Exercise: Produce one exact copy of the records, no pictures.

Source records
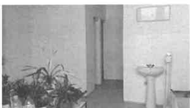
m.č. 246, 247, 248, 240
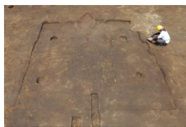
▲平安時代の住居跡
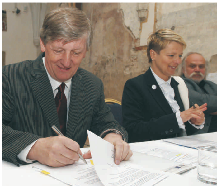
Ministr kultury Václav Riedelbauch podepisuje dopis o poskytnutí dotace.

„Hlavním cílem projektu je rehabilitovat v současnosti nevyužívaný a z větší části uzavřený areál klášterů. S tím je spojeno ekonomicky udržitelné celoroční poskytování kulturních služeb odborné i laické veřejnosti,“ vysvětlil smysl projektu jeho koordinátor Jan Vondrouš. V prostorách kláštera budou prezentovány moderní formy uchování a prezentace kulturního dědictví spojeného s historií areálu a celého města. To by mělo přilákat obyvatele Českého Krumlova do historického centra. Dalším cílem je vytvořit modelový příklad využití obdobných historických areálů pro oživení městských center.
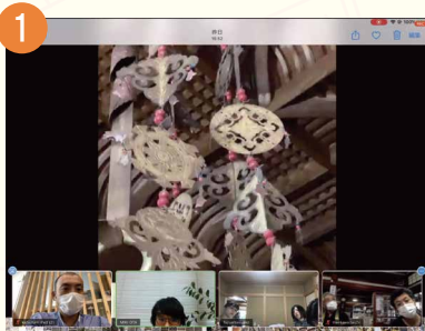
1 瑞泉寺にあるジュエリーのモチーフを探す
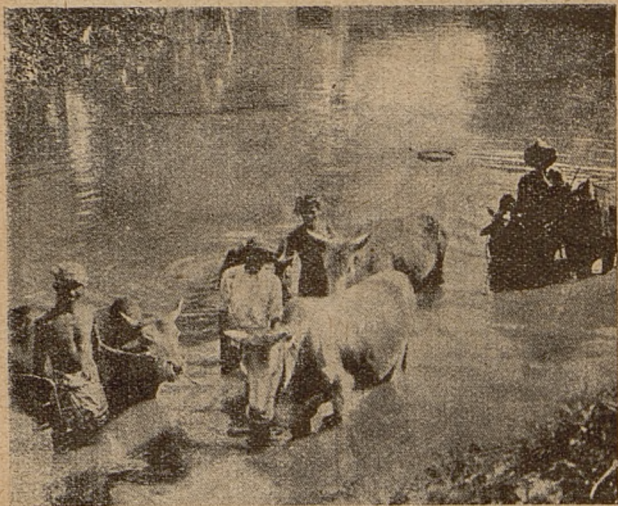
Krajobraz z Indyj ang.
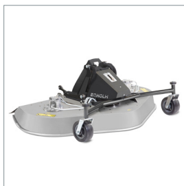
■ Heckauswurf-/ Mulchmäherwerk 1500
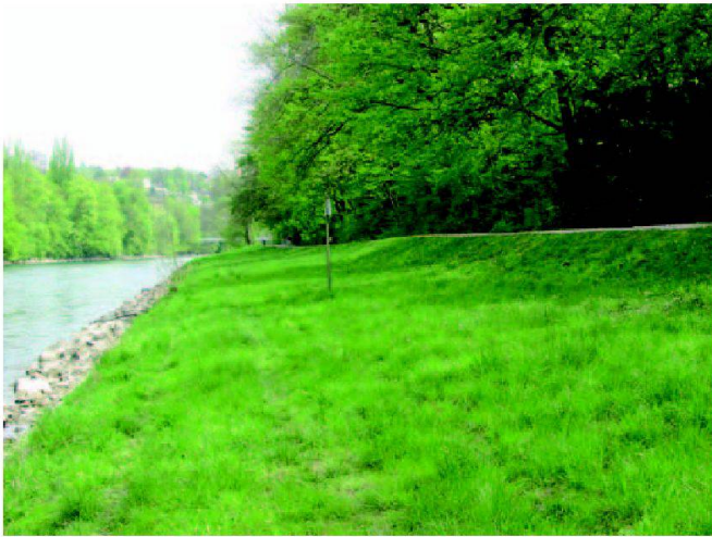
Abb. 3: Die Ufer der Limmat wurden über weite Strecken begradigt.
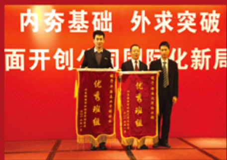
先进班组：华海基金中控班组 瀚海润泽物业部
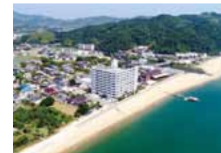
ウエント淡路東海岸(プロモーション撮影)
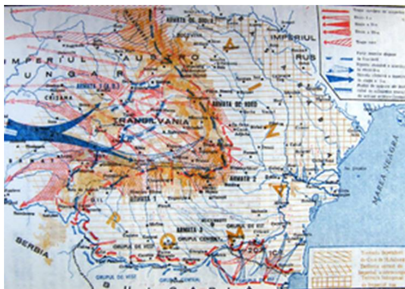
Planul de campanie al armatei României pentru anul 1916 - „Ipoteza Z” 12

Armata 2 , comandată de generalul Alexandru Averescu, concentrată pe frontiera de nord a Munteniei, trebuia să treacă la ofensivă în fâșia cuprinsă între valea Oituzului și cursul superior al râului Argeș și să iasă pe râul Mureș între Târgu Mureș și Alba Iulia, ulterior să continue ofensiva prin Poarta Someșului.
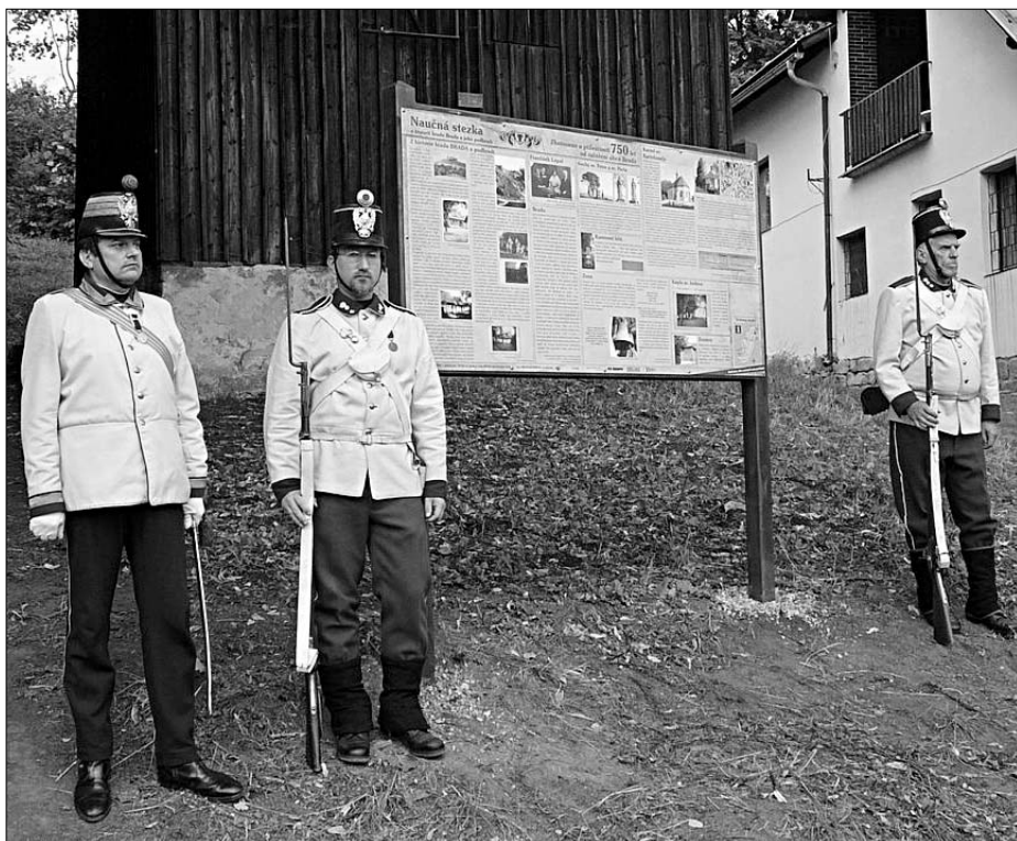
Slavnostní otevření naučné stezky „O historii hradu Brada a jeho podhradí“, dne 9. 8. 2008

Na závěr děkuji všem členům Komitétu, kteří se účastní brigád a také všem těm, kteří se zaslouhují o dobrou propagaci bojiště.
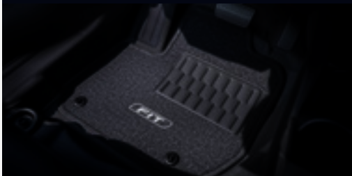
Tapete de carpete standard
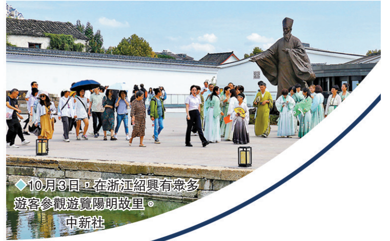
10月3日，在浙江紹興有眾多遊客參觀遊覽陽明故里。
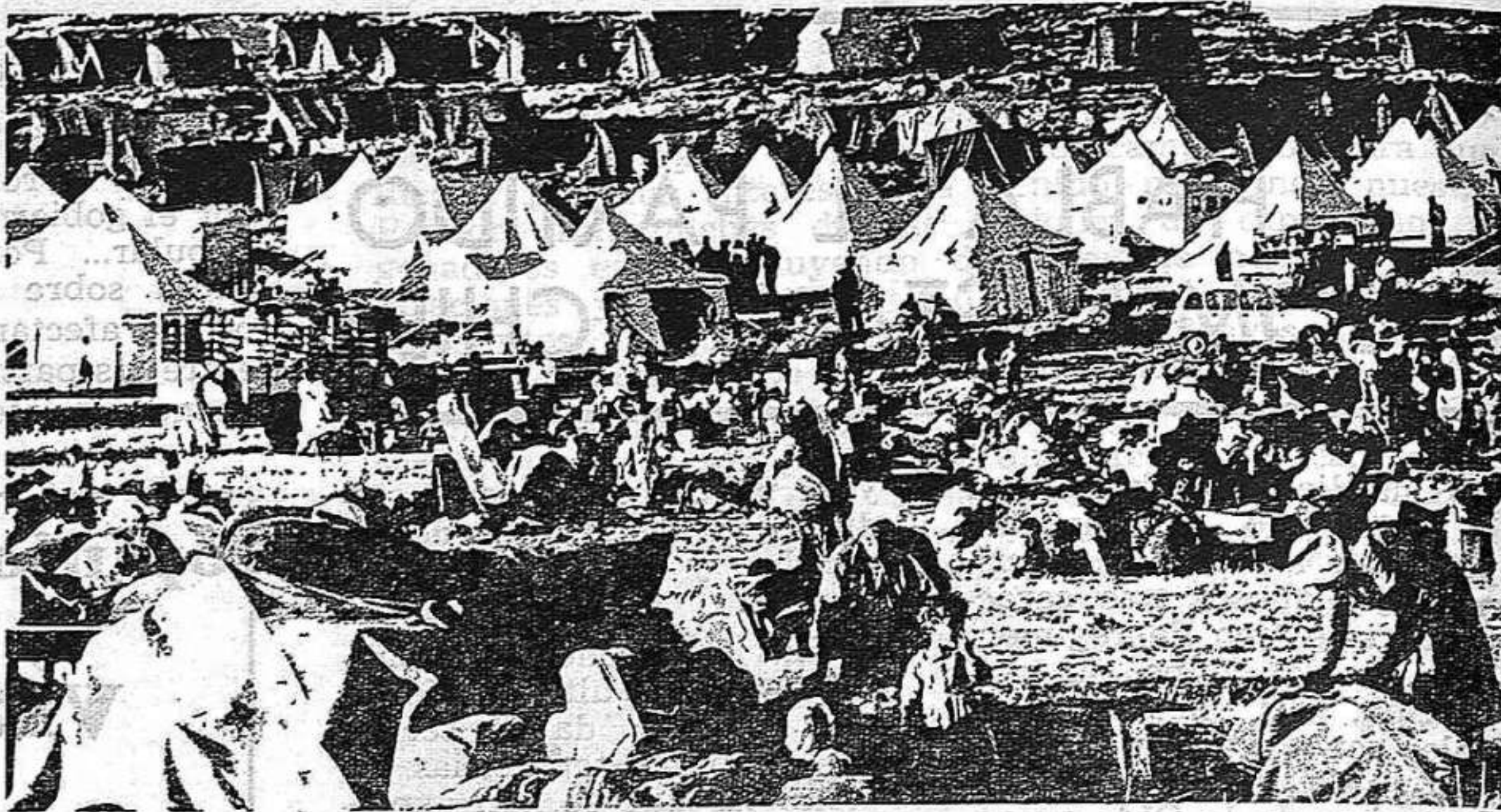
No habrá paz justa en tanto los palestinos no tengan más suelo nacional que los campamentos en la arena.

22 octubre. El Consejo de Seguridad aprueba (con abstención china) la resolución 338, que ordena el alto el fuego , cuyo proyecto ha sido presentado conjuntamente por la URSS y los EE.UU. Cuarenta y ocho horas más tarde las fuerzas de Israel habían aprovechado el «alto el fuego» (de los egipcios) para ampliar la zona de territorio que ocupaban ya el 22 en la orilla occidental del Canal de Suez. Y cuanto Egipto —y la URSS— reclaman la adopción de medidas efectivas para poner término a la violación por Israel de la resolución del Consejo de Seguridad, el presidente Nixon proclama el «estado de alerta n° 3», cubriendo así la operación de las tropas de Dayan bajo la protección del paraguas atómico norteamericano.

Task response:
m.č. 246, 247, 248, 240
▲平安時代の住居跡
Ministr kultury Václav Riedelbauch podepisuje dopis o poskytnutí dotace.

„Hlavním cílem projektu je rehabilitovat v současnosti nevyužívaný a z větší části uzavřený areál klášterů. S tím je spojeno ekonomicky udržitelné celoroční poskytování kulturních služeb odborné i laické veřejnosti,“ vysvětlil smysl projektu jeho koordinátor Jan Vondrouš. V prostorách kláštera budou prezentovány moderní formy uchování a prezentace kulturního dědictví spojeného s historií areálu a celého města. To by mělo přilákat obyvatele Českého Krumlova do historického centra. Dalším cílem je vytvořit modelový příklad využití obdobných historických areálů pro oživení městských center.
1 瑞泉寺にあるジュエリーのモチーフを探す
Krajobraz z Indyj ang.
■ Heckauswurf-/ Mulchmäherwerk 1500
Abb. 3: Die Ufer der Limmat wurden über weite Strecken begradigt.
先进班组：华海基金中控班组 瀚海润泽物业部
ウエント淡路東海岸(プロモーション撮影)
Planul de campanie al armatei României pentru anul 1916 - „Ipoteza Z” 12

Armata 2 , comandată de generalul Alexandru Averescu, concentrată pe frontiera de nord a Munteniei, trebuia să treacă la ofensivă în fâșia cuprinsă între valea Oituzului și cursul superior al râului Argeș și să iasă pe râul Mureș între Târgu Mureș și Alba Iulia, ulterior să continue ofensiva prin Poarta Someșului.
Slavnostní otevření naučné stezky „O historii hradu Brada a jeho podhradí“, dne 9. 8. 2008

Na závěr děkuji všem členům Komitétu, kteří se účastní brigád a také všem těm, kteří se zaslouhují o dobrou propagaci bojiště.
Tapete de carpete standard
10月3日，在浙江紹興有眾多遊客參觀遊覽陽明故里。
No habrá paz justa en tanto los palestinos no tengan más suelo nacional que los campamentos en la arena.

22 octubre. El Consejo de Seguridad aprueba (con abstención china) la resolución 338, que ordena el alto el fuego , cuyo proyecto ha sido presentado conjuntamente por la URSS y los EE.UU. Cuarenta y ocho horas más tarde las fuerzas de Israel habían aprovechado el «alto el fuego» (de los egipcios) para ampliar la zona de territorio que ocupaban ya el 22 en la orilla occidental del Canal de Suez. Y cuanto Egipto —y la URSS— reclaman la adopción de medidas efectivas para poner término a la violación por Israel de la resolución del Consejo de Seguridad, el presidente Nixon proclama el «estado de alerta n° 3», cubriendo así la operación de las tropas de Dayan bajo la protección del paraguas atómico norteamericano.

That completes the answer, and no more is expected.